DATA EXCERPTS =>
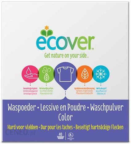 Proszek do prania tkanin kolorowych. Biodegradowalna formuła proszku nie zanieczyszcza ekosystemów. Można prać nim nawet w niskich temperaturach.Skład: 5-15%: zeolit, anionowe środki powierzchniowo czynne, niejonowe środki powierzchniowo czynne; <5%: mydło, aromat (limonen, linalol), enzymy; inne: węglan sodu, siarczan sodu, wodorowęglan sodu, polipeptyd Poly Itaconate, woda, dwukrzemian sodu, karboksymetylo skrobia, guma celulozowa.Warunki przechowywania: Przechowywać poza zasięgiem dzieci. Unikać kontaktu z oczami. W razie kontaktu z oczami przemyć od razu dużą ilością wody i zgłosić się do lekarza.Pochodzenie: BelgiaOpis producenta:Belgijski Ecover to jedna z najstarszych europejskich marek produkujących przyjazne dla środowiska środki czystości. Produkty Ecover powstają przede wszystkim z naturalnych roślinnych i mineralnych substancji czyszczących. Marka opracowała też substancję myjącą na bazie drożdży. Wyroby Ecover wolne są od fosforanów, fosfonianów, optycznych wybielaczy, pierwiastków z grupy chlorowców oraz organizmów modyfikowanych genetycznie. Ecover redukuje swój ślad węglowy dzięki pozyskiwaniu większości surowców z lokalnych źródeł i niestosowaniu transportu lotniczego. Od 2011 roku produkty pakowane są w biodegradowalne, plastikowe opakowania wytworzone z trzciny cukrowej, co również pozwala zredukować emisje dwutlenku węgla. Ponadto, Ecover jest członkiem inicjatywy wielostronnej Roundtable on Sustainable Palm Oil (RSPO – Okrągły Stół na rzecz zrównoważonych upraw palm olejowych), której celem jest wdrażanie bardziej odpowiedzialnych wobec ludzi i środowiska metod produkcji oleju palmowego (monokultury palmy olejowej przyczyniają się m.in. do wylesiania lasów pierwotnych). Surowiec ten stanowi bazę wielu środków czyszczących. W ofercie Ecover znajdują się m.in. produkty do czyszczenia, tabletki do zmywarek, płyny i proszki do prania.
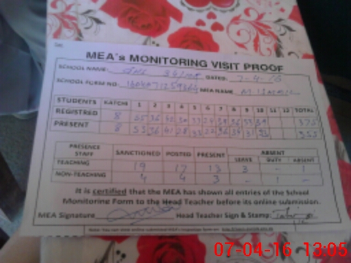 | Attendance Register | Head Teacher | MEA with School | Visit Proof |
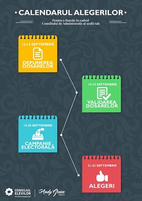 Luna aceasta, elevii trebuie să-și aleagă reprezentanții în consiliile de administrație ale unităților de învățământ. Potrivit calendarului anunțat de Consiliul Național al Elevilor, campania electorală se va desfășura în perioada 15 – 20 septembrie, iar alegerile în zilele de 21 și 22 septembrie.
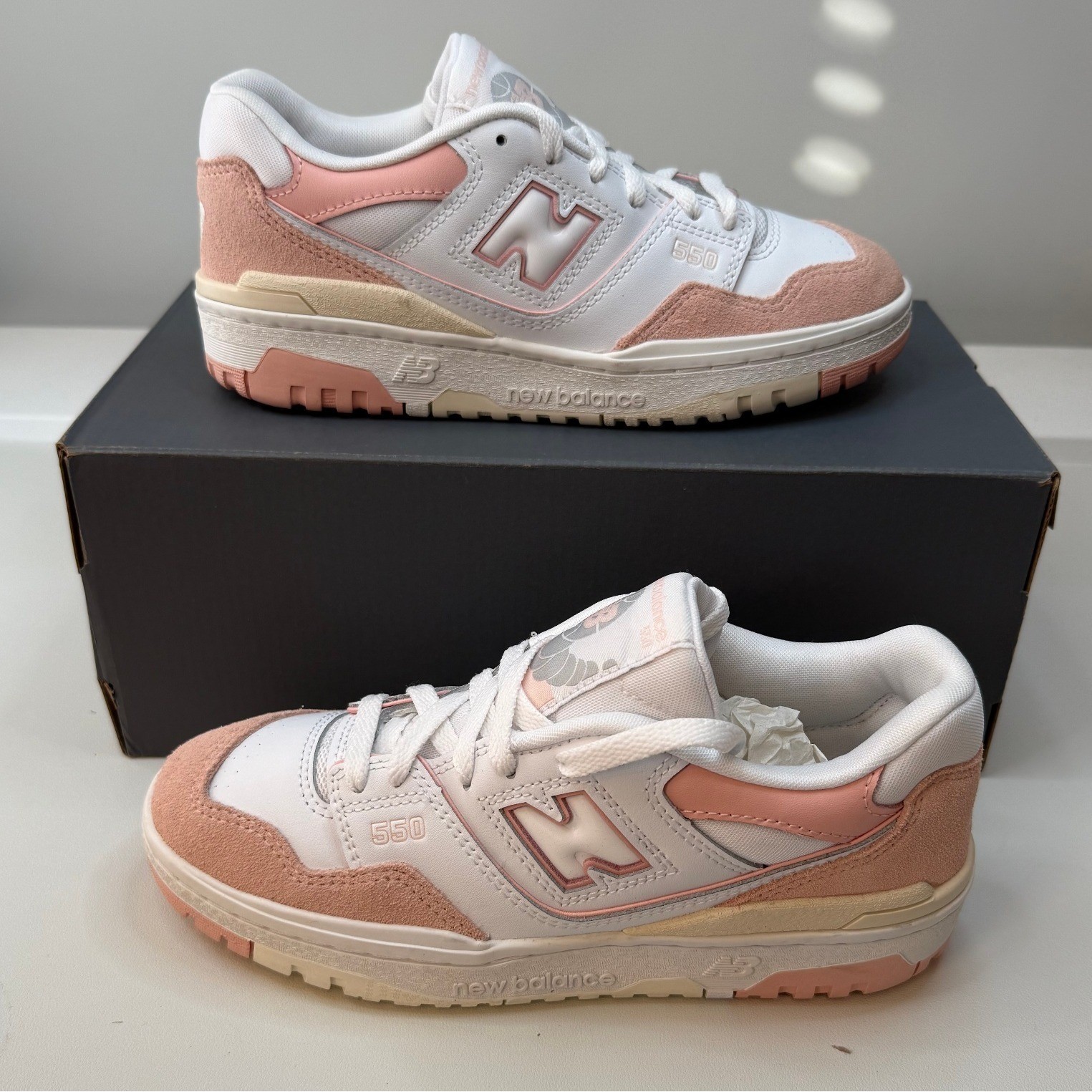 New Balance 550 White Pink Sneakers GSB550CD Youth Size 5.5 New With Box
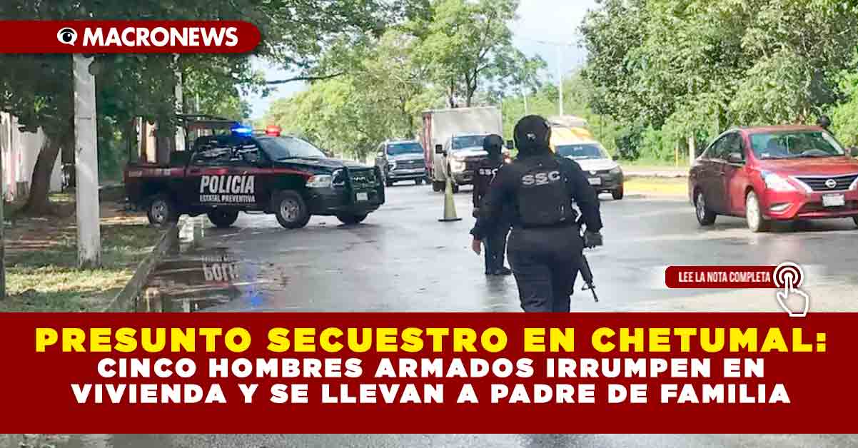 Redacción Macronews.- Alrededor de la 01:00 horas del martes, se reportó la privación de la libertad de un hombre identificado como Lucio, de 39 años, en la colonia Payo Obispo de Chetumal, luego de que un grupo armado de cinco personas ingresara violentamente a su domicilio mientras dormía. El hecho ocurrió frente a sus tres hijos menores de edad, quienes fueron testigos directos de la agresión.
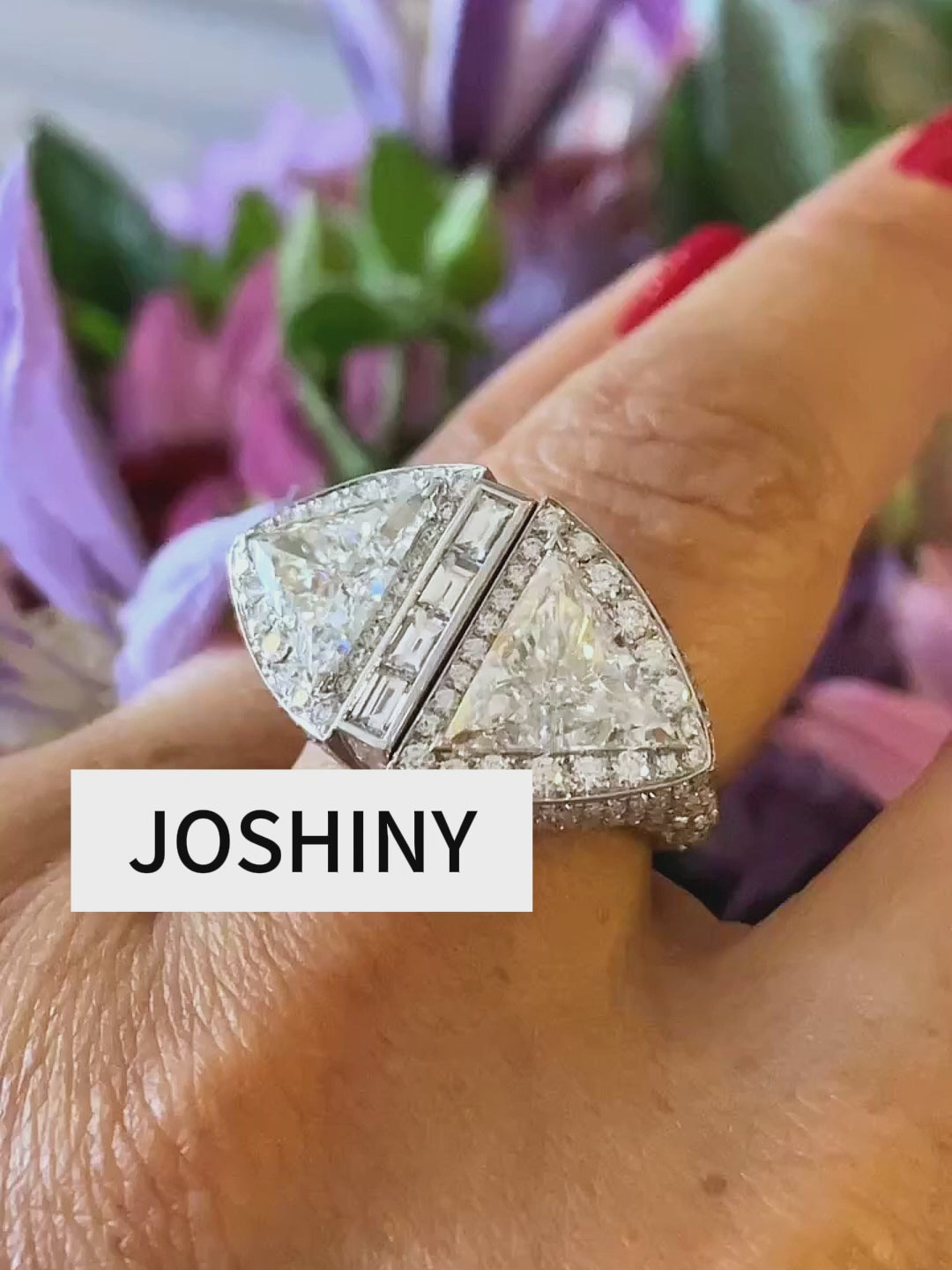 This is a unique two-stone model cocktail ring. The center features two brilliant triangle cut white main stones surrounded by accent settings of baguette and round cut white stones. The entire ring has a unique and stylish design with delicate and sparkling craftsmanship, making it suitable for a variety of occasions. Total weight is approximately 9 carats.The ring is made of 925 silver throughout, with thick gold plating, which makes the luster last longer compared to other single layer plating. The style is personalized and stylish, bringing more possibilities for your fashion collocation.
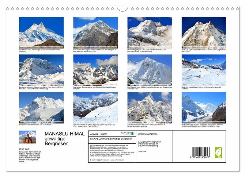 QUALITÄT - Hochwertiger Fotokalender mit 12 wunderschönen Motiven auf lichtbeständigem Bilderdruckpapier, robuste Spiralbindung mit Aufhängebügel.NACHHALTIG - deutliche Abfallreduzierung durch bedarfsgerechte Einzelstückfertigung, umweltfreundliches FSC-zertifiziertes Papier, Produktion in Deutschland, klimabewusste Logistik.PERFEKTES GESCHENK - Kalender für Freunde und Familie, für Kinder und Erwachsene, jung und alt, zu Weihnachten, Geburtstag oder zwischendurch.VIELFALT - Bildkalender in verschiedenen Formaten, z.B. DIN A5, DIN A4, DIN A3 sowie DIN A2. Ob Naturmotiv, Gemälde oder Fotos, ideal für ein persönliches Wohlfühlambiente.Bilder von grandiosen Bergen in der einzigartigen Himalayaregion rund um den 8163 m hohen Manaslu. von Autor(in): Ulrich Senff
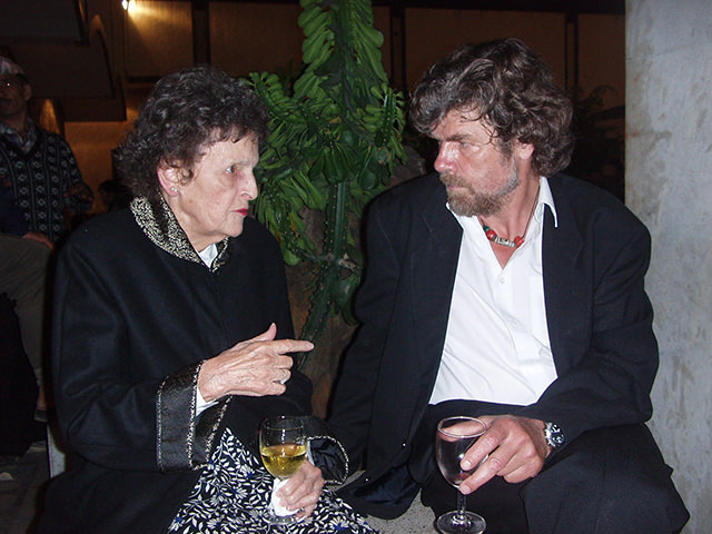 Photo: Lisa ChoegyalElizabeth Hawley with mountaineering legend Reinhold Messner.
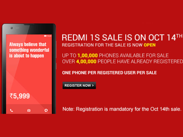 The device will start selling from 2PM onwards. Moreover, the Chinese mobile phone manufacturer will be selling 1,00,000 units of Redmi 1S in India today. The company has already received around 3,00,000 registration on Flipkart. The online shopping website notifies that the ones who missed out on buying the smartphone on September 30 sale, need to re-register.

EXERCISE INSTRUCTIONS =>
Would you retype the listing above exactly, omitting its pictures?

RESPONSE =>
 Proszek do prania tkanin kolorowych. Biodegradowalna formuła proszku nie zanieczyszcza ekosystemów. Można prać nim nawet w niskich temperaturach.Skład: 5-15%: zeolit, anionowe środki powierzchniowo czynne, niejonowe środki powierzchniowo czynne; <5%: mydło, aromat (limonen, linalol), enzymy; inne: węglan sodu, siarczan sodu, wodorowęglan sodu, polipeptyd Poly Itaconate, woda, dwukrzemian sodu, karboksymetylo skrobia, guma celulozowa.Warunki przechowywania: Przechowywać poza zasięgiem dzieci. Unikać kontaktu z oczami. W razie kontaktu z oczami przemyć od razu dużą ilością wody i zgłosić się do lekarza.Pochodzenie: BelgiaOpis producenta:Belgijski Ecover to jedna z najstarszych europejskich marek produkujących przyjazne dla środowiska środki czystości. Produkty Ecover powstają przede wszystkim z naturalnych roślinnych i mineralnych substancji czyszczących. Marka opracowała też substancję myjącą na bazie drożdży. Wyroby Ecover wolne są od fosforanów, fosfonianów, optycznych wybielaczy, pierwiastków z grupy chlorowców oraz organizmów modyfikowanych genetycznie. Ecover redukuje swój ślad węglowy dzięki pozyskiwaniu większości surowców z lokalnych źródeł i niestosowaniu transportu lotniczego. Od 2011 roku produkty pakowane są w biodegradowalne, plastikowe opakowania wytworzone z trzciny cukrowej, co również pozwala zredukować emisje dwutlenku węgla. Ponadto, Ecover jest członkiem inicjatywy wielostronnej Roundtable on Sustainable Palm Oil (RSPO – Okrągły Stół na rzecz zrównoważonych upraw palm olejowych), której celem jest wdrażanie bardziej odpowiedzialnych wobec ludzi i środowiska metod produkcji oleju palmowego (monokultury palmy olejowej przyczyniają się m.in. do wylesiania lasów pierwotnych). Surowiec ten stanowi bazę wielu środków czyszczących. W ofercie Ecover znajdują się m.in. produkty do czyszczenia, tabletki do zmywarek, płyny i proszki do prania.
 | Attendance Register | Head Teacher | MEA with School | Visit Proof |
 Luna aceasta, elevii trebuie să-și aleagă reprezentanții în consiliile de administrație ale unităților de învățământ. Potrivit calendarului anunțat de Consiliul Național al Elevilor, campania electorală se va desfășura în perioada 15 – 20 septembrie, iar alegerile în zilele de 21 și 22 septembrie.
 New Balance 550 White Pink Sneakers GSB550CD Youth Size 5.5 New With Box
 Redacción Macronews.- Alrededor de la 01:00 horas del martes, se reportó la privación de la libertad de un hombre identificado como Lucio, de 39 años, en la colonia Payo Obispo de Chetumal, luego de que un grupo armado de cinco personas ingresara violentamente a su domicilio mientras dormía. El hecho ocurrió frente a sus tres hijos menores de edad, quienes fueron testigos directos de la agresión.
 This is a unique two-stone model cocktail ring. The center features two brilliant triangle cut white main stones surrounded by accent settings of baguette and round cut white stones. The entire ring has a unique and stylish design with delicate and sparkling craftsmanship, making it suitable for a variety of occasions. Total weight is approximately 9 carats.The ring is made of 925 silver throughout, with thick gold plating, which makes the luster last longer compared to other single layer plating. The style is personalized and stylish, bringing more possibilities for your fashion collocation.
 QUALITÄT - Hochwertiger Fotokalender mit 12 wunderschönen Motiven auf lichtbeständigem Bilderdruckpapier, robuste Spiralbindung mit Aufhängebügel.NACHHALTIG - deutliche Abfallreduzierung durch bedarfsgerechte Einzelstückfertigung, umweltfreundliches FSC-zertifiziertes Papier, Produktion in Deutschland, klimabewusste Logistik.PERFEKTES GESCHENK - Kalender für Freunde und Familie, für Kinder und Erwachsene, jung und alt, zu Weihnachten, Geburtstag oder zwischendurch.VIELFALT - Bildkalender in verschiedenen Formaten, z.B. DIN A5, DIN A4, DIN A3 sowie DIN A2. Ob Naturmotiv, Gemälde oder Fotos, ideal für ein persönliches Wohlfühlambiente.Bilder von grandiosen Bergen in der einzigartigen Himalayaregion rund um den 8163 m hohen Manaslu. von Autor(in): Ulrich Senff
 Photo: Lisa ChoegyalElizabeth Hawley with mountaineering legend Reinhold Messner.
 The device will start selling from 2PM onwards. Moreover, the Chinese mobile phone manufacturer will be selling 1,00,000 units of Redmi 1S in India today. The company has already received around 3,00,000 registration on Flipkart. The online shopping website notifies that the ones who missed out on buying the smartphone on September 30 sale, need to re-register.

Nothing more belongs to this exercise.